-------- GIVEN MATERIAL
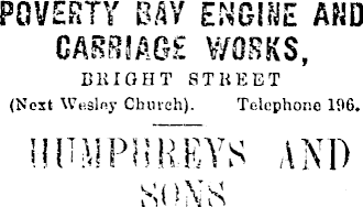 POVERTY BAY ENGINE AND CARRIAGE WORKS, BRIGHT STREET (Next \W.slny Church). Telephone 196. sons
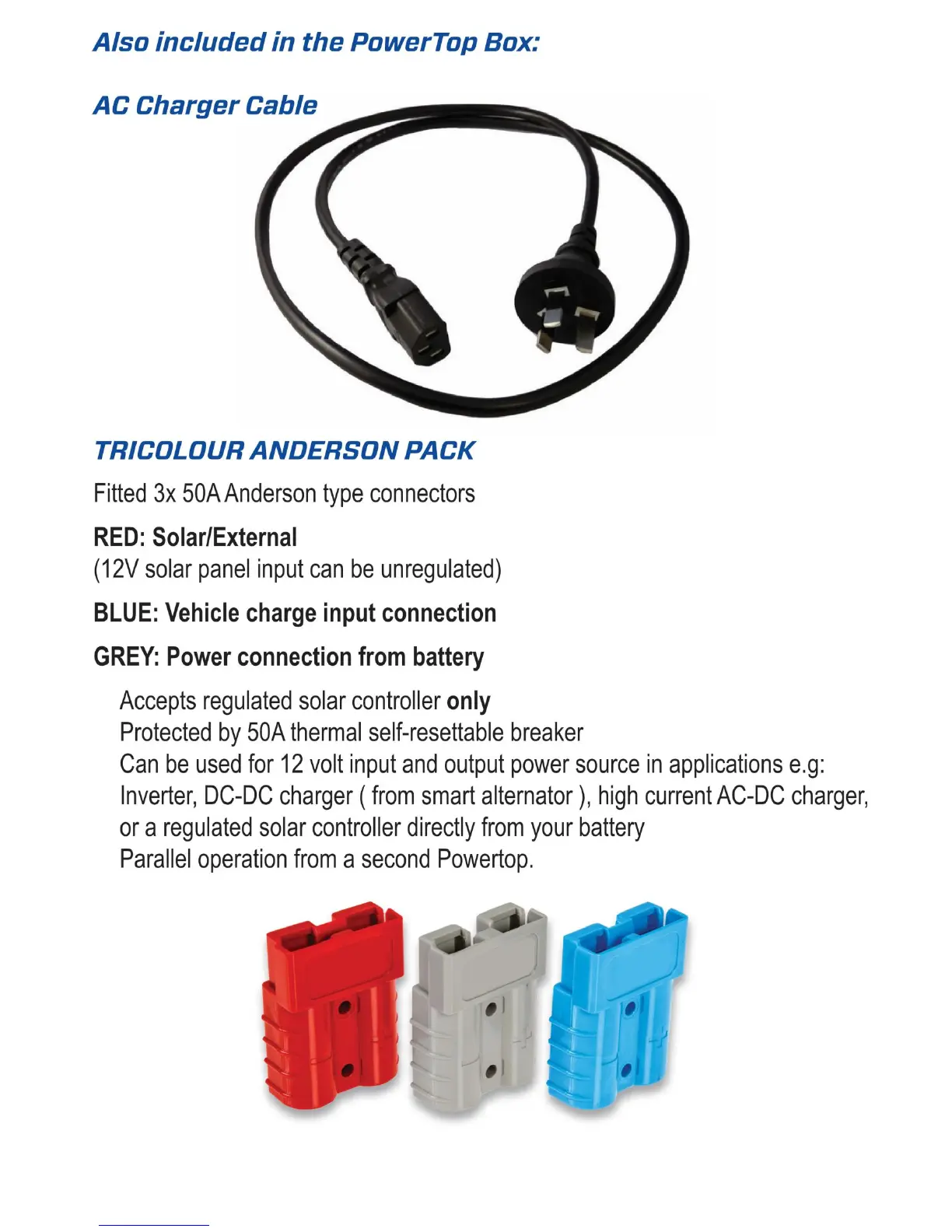 Baintech PowerTop V3 - Also Included in the Box; AC Charger Cable; Tricolour Anderson Pack
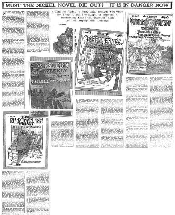 MUST THE NICKEL NOVEL DIE OUT? IT IS IN DANGER NOW: It Calls for Ability to Write One, Though You Might Not Think It, and The Supply of Authors Is Decreasing -- Less Than Fifteen of Them Left to Supply the Demand. (PDF)
----------------
WHAT TO PRODUCE: Please set down each line of the data above exactly as written, without the pictures.

ANSWER SECTION:
 POVERTY BAY ENGINE AND CARRIAGE WORKS, BRIGHT STREET (Next \W.slny Church). Telephone 196. sons
 Baintech PowerTop V3 - Also Included in the Box; AC Charger Cable; Tricolour Anderson Pack
 MUST THE NICKEL NOVEL DIE OUT? IT IS IN DANGER NOW: It Calls for Ability to Write One, Though You Might Not Think It, and The Supply of Authors Is Decreasing -- Less Than Fifteen of Them Left to Supply the Demand. (PDF)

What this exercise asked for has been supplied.